PGP keysigning party instructions

Updated: Maybe you should not generate a key with the default settings. See Step 1 below.

The September 2010 meeting will feature a keysigning party.

Chris Frey (cdfrey at the domain foursquare dot net) is the KeyMaster for this party. As part of the process, you will e-mail him your key.

Here are his instructions for getting started, with some e-mail address obfuscation:

  1. Generate new key:


    gpg --gen-key

    (Accept the defaults, they are pretty good)
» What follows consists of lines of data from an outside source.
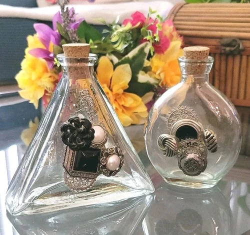 Marked Triangle Pyramid Bottle & Curved Jar Handcrafted Vintage Buttons Corks
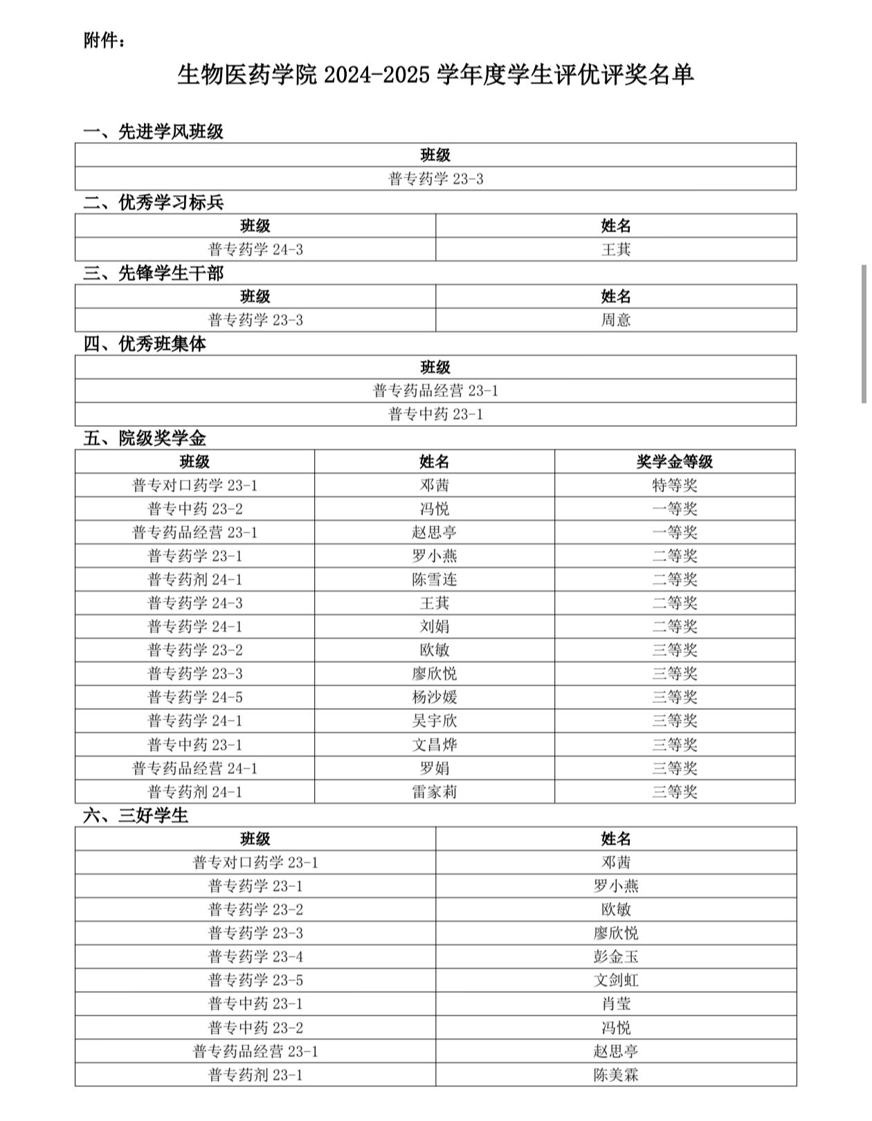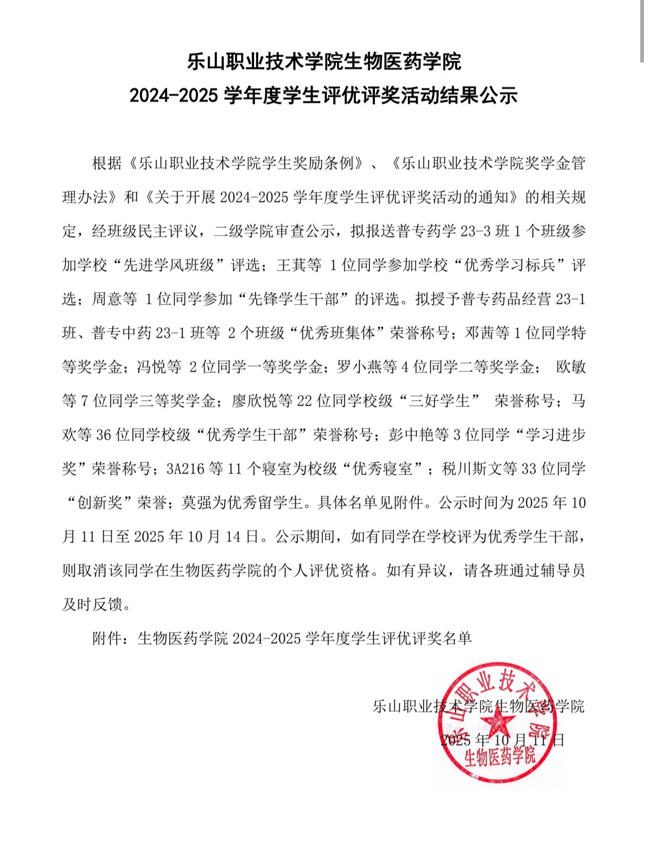 乐山职业技术学院生物医药学院 2024-2025 学年度学生评优评奖活动结果公示
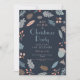 Dark Blue Botanical Christmas Party Leaves Acorns Invitation
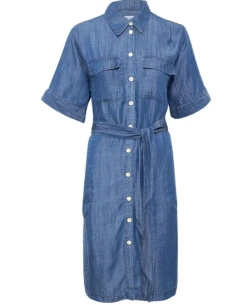 Part Two Brielle Blue Dress, a casual blue chambray denim shirt dress with a pointed collar and short loose sleeves. Tying at the waist with a removable tonal blue waist belt the Brielle dress has a row of white buttons running down the front and patch pockets on the chest.Â
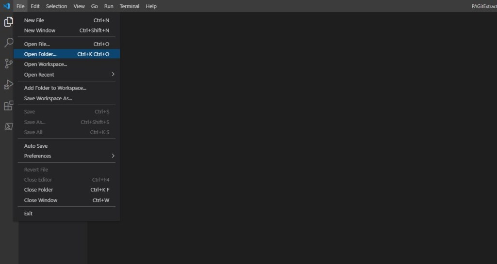 Luodaan omalle työasemalle säilöä vastaava kansio ja avataan se Visual Studio Codella (Open folder).

    Update: Denver Gingerich notes that one of the algorithms used in the defaults (SHA-1) has vulnerabilities. Although these vulnerabilities have not resulted in exploits yet, if you are generating a new key you may want to use less vulnerable settings. Denver suggests:

    • Generate an RSA key
    • Make it 4096 bits long
  2. Look at your shiny new key:


    gpg --list-keys

  3. Export it to a file:


    gpg --armor --output /tmp/my-public-key --export

    Replace ID with the first ID of your key. For example,
    my key looks like this in the --list-keys display:

    pub 1024D/DC6371D5 2006-12-02 [expires: 2011-12-01]
    uid Chris Frey (cube)
    sub 4096g/C2855553 2006-12-02 [expires: 2011-12-01]

    So my ID is DC6371D5.

  4. Email the file my-public-key to me. (i.e. to Chris)
  5. Show up on September 13, with your fingerprint printed out on a sheet of paper, and ready to read it out loud.


    gpg --fingerprint

    Example:


    gpg --fingerprint dc6371d5
    pub 1024D/DC6371D5 2006-12-02 [expires: 2011-12-01]
    Key fingerprint = 7D71 47F2 3F61 B0E1 5F3C 68A4 819A 39D8 DC63 71D5
    uid Chris Frey (cube)
    sub 4096g/C2855553 2006-12-02 [expires: 2011-12-01]

At the meeting you will have to read your fingerprint and have others vouch for your identity. Some people do this via government ID; other people think this is not sufficient.